Bootstrap Embedding

Electron correlation is intrinsically local and this can be exploited by a variety of embedding methods. These embedding methods partition the system into small fragments that can each be manageably treated with high-accuracy theories, and use a cheaper theory for the interactions of the fragment with its surrounding bath. The largest errors lie at fragment edges where fragment-bath interactions are most strong. To overcome this, we have developed a fragment embedding scheme where the system is partitioned into overlapping fragments, each with an accurately described center and inaccurately described bath. We constrain the edge site of one fragment to match the same site on an overlapping fragment, where that site is in that fragment’s center.
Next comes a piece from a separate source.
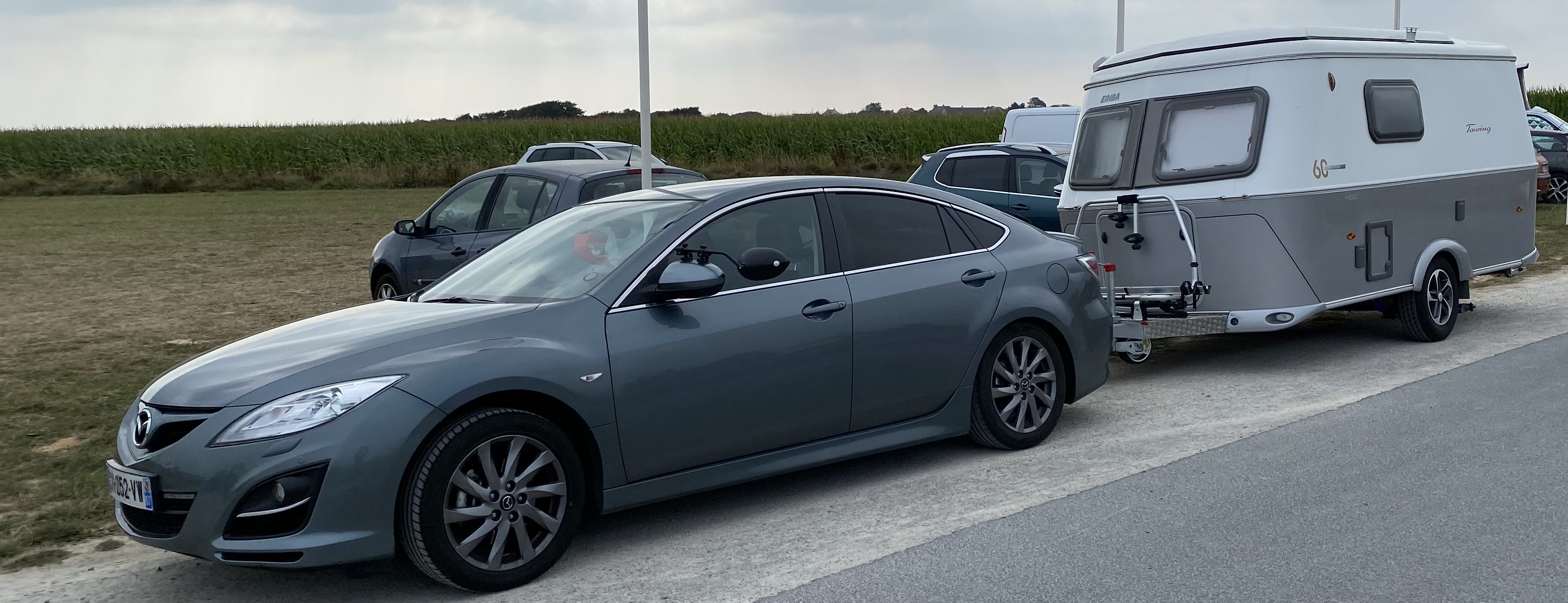 Mazda 6 Shizuka MZRCD 2.2l 129 ch 340Nm 1800tr/mn Eriba Touring 430 60 ème Édition de 2019 Anti-lacets AlkoMover Reich,Auvent Isabella, Store Thule 6200,Rain blocker G2 side et Front

In this way, the calculation pulls itself up by its own bootstraps, giving this method the name Bootstrap Embedding.

Bootstrap Embedding has seen initial success in our group for lattice models and simple molecular systems. We have extended the success of Bootstrap Embedding to molecules where fragment centers can naturally be defined as atoms and the fragment edges as atoms bonded to the center. Current work in our group focuses on improving and applying Bootstrap Embedding in the context of real molecules in large basis sets.
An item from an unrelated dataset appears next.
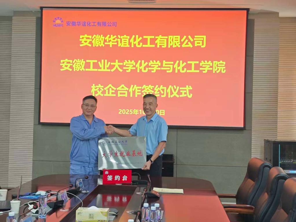 在与会代表的共同见证下,双方签署了战略合作协议。黄宇弦代表学校向安徽华谊化工有限公司授予“台湾女优 就业基地”牌匾。此举将为学生提供更优质的实习就业平台,也为企业构建了稳定的人才引进渠道。

DFT Embedding: Many Pair Expansion

Density functional theory has become the workhorse of quantum mechanical simulations in chemistry and materials science. However, most local and semi-local density functionals suffer from delocalization errors and cannot describe strongly correlated systems or dispersion interactions very well. As a result, the applications of DFT rely heavily on picking functionals for specific problems and careful benchmarking. In order to alleviate this problem, we have developed a wavefunction-in-DFT embedding method called Many Pair Expansion (MPE). It is a new density functional hierarchy that systematically corrects any deficiency of an approximate functional to finally converge to the exact ground-state energy. The core idea is to partition the electron density into localized electron pairs and numerically compute the exact energy for the fragment densities built from these electron pairs. The exact energies of fragment densities are used to improve the approximate total DFT energy. We have implemented this method for lattice Hamiltonians such as 1D and 2D Hubbard, Peierls-Hubbard and PPP models and proved it is efficient in describing strong correlations and dispersion interactions. MPE is also extended to molecular systems and shown to provide promising results. We are now working on more thorough tests on MPE using different starting functionals and making a faster implementation. We also hope to use MPE as a tool to design better density functionals in the future.
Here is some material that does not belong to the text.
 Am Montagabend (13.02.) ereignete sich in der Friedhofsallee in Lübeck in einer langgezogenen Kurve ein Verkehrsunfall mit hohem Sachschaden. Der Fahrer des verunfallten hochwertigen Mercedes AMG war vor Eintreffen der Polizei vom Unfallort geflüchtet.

In quantum chemistry, people find ground state solutions to the electronic Schrodinger equation by practicing the “golden rule” of lowest energy. The variational principle tells us that the energy of an approximate wave function is always higher than that of the exact ground state. Based on this theorem, people have come up with a large number of approaches to parameterizing a wave function and turning the solution of Schrodinger equation to a much easier energy minimization problem.

When it comes to excited states, however, the golden rule does not apply any more. Unlike ground states, excited states are saddle points instead of minima in energy landscape and thus hardly located by conventional minimization schemes. One of the key observations we have made is that energy variance, unlike energy, is at minimum for every state. As a consequence, the lowest energy principle should be replaced by the lowest variance principle.

This new scheme, however, faces an immediate challenge: if every state is a (local) minimum, how can we differentiate them? One can imagine that, without any guidance, this new method will generate solutions by luck. This issue has brought us to our second observation that using a direct energy-targeting functional gives us a good guess for an excited state near a chosen energy, which can then be used in variance minimization. We hence name this two-step method σ-SCF since people usually denote energy variance using σ2.


Mean Field Steady State Kinetics

Spatial disorder is essential in describing the kinetics of many systems, from chemical reactions to excitons moving in organic semiconducting devices. The primary theoretical tool for studying systems with spatial disorder is Kinetic Monte Carlo, but this is often prohibitively expensive. We have developed a new method, called the Mean Field Steady State method, which allows for the computation of steady state populations in systems with a distribution of rate constants at a fraction of the cost. We accomplish this by making the mean field approxmation, speeding up the calculation, but solving the model self-consistently to incorporate some effects of the disorder. We are currently using this method to study external quantum efficiency roll-off in organic light emitting diodes (OLEDs).



We also pursue many projects focused on the applications of electronic structure theory, often in collaboration with experimental groups. Some areas we are interested in include:

  • Catalysis
  • Organic semiconductors (OLEDs, OPVs)
  • Quantum dots
  • Umbrella Effects